• TASK TO COMPLETE:
Transcribe word for word each line from the one containing "With three players" to the final line of the data, both included. Skip the pictures.

• INFORMATION SUPPLIED:
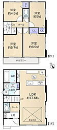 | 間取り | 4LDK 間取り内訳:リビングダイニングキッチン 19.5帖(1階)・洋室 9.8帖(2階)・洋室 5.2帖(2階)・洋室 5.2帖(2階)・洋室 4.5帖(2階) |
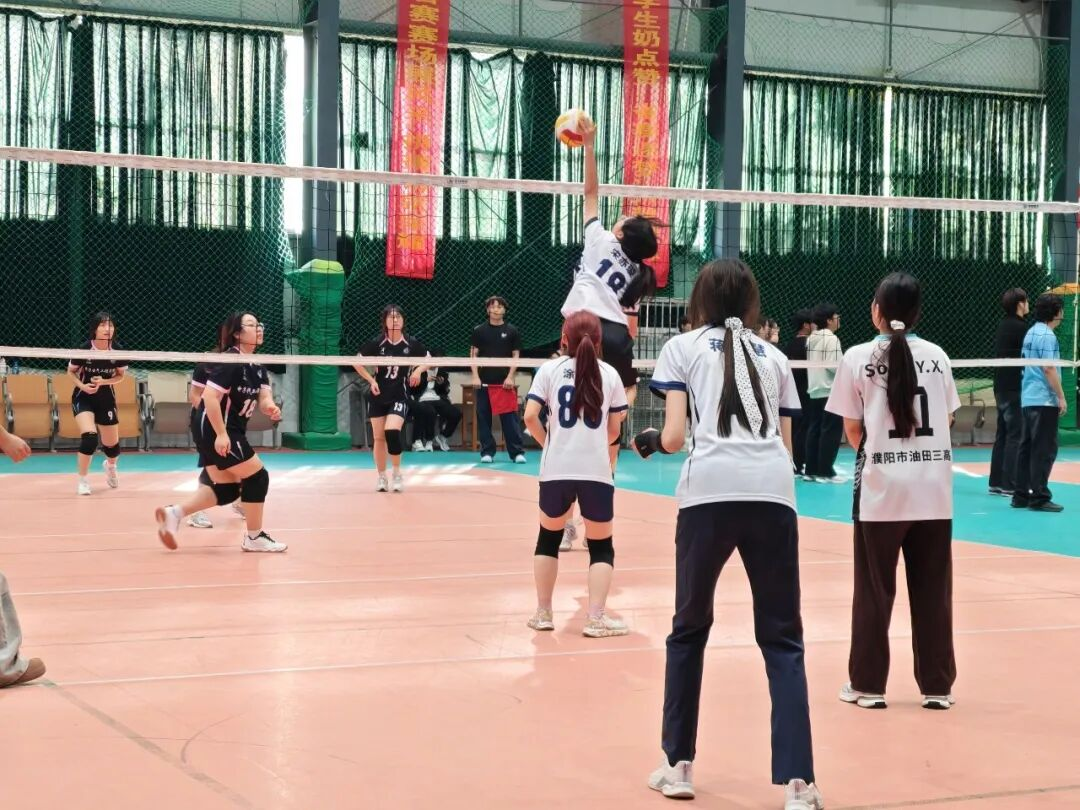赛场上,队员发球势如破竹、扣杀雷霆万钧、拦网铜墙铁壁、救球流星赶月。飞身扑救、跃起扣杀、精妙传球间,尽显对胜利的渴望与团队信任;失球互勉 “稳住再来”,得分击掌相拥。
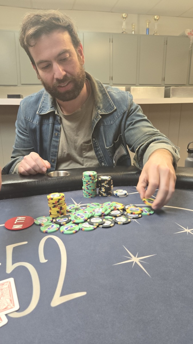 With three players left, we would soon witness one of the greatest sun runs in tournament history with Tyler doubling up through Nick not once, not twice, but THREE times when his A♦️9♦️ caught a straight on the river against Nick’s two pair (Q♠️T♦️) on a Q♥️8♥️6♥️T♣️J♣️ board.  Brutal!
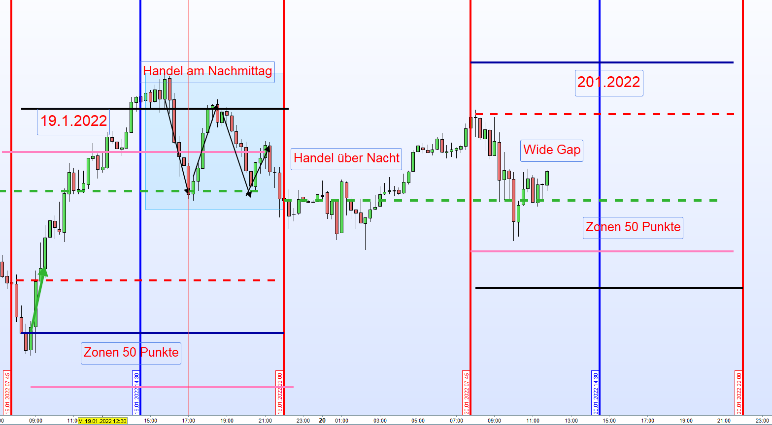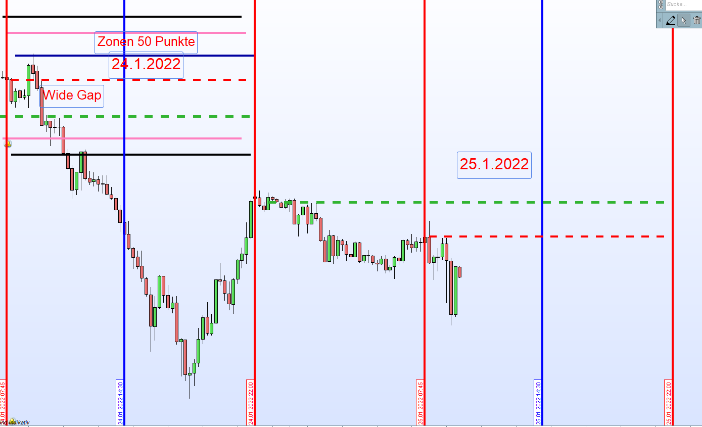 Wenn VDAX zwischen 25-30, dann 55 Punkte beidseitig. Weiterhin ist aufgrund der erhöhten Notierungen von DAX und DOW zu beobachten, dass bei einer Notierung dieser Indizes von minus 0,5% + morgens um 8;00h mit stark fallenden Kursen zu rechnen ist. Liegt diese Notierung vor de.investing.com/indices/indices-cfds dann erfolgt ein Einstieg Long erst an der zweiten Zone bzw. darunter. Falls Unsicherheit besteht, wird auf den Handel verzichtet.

• YOUR RESPONSE:
 With three players left, we would soon witness one of the greatest sun runs in tournament history with Tyler doubling up through Nick not once, not twice, but THREE times when his A♦️9♦️ caught a straight on the river against Nick’s two pair (Q♠️T♦️) on a Q♥️8♥️6♥️T♣️J♣️ board.  Brutal!
 Wenn VDAX zwischen 25-30, dann 55 Punkte beidseitig. Weiterhin ist aufgrund der erhöhten Notierungen von DAX und DOW zu beobachten, dass bei einer Notierung dieser Indizes von minus 0,5% + morgens um 8;00h mit stark fallenden Kursen zu rechnen ist. Liegt diese Notierung vor de.investing.com/indices/indices-cfds dann erfolgt ein Einstieg Long erst an der zweiten Zone bzw. darunter. Falls Unsicherheit besteht, wird auf den Handel verzichtet.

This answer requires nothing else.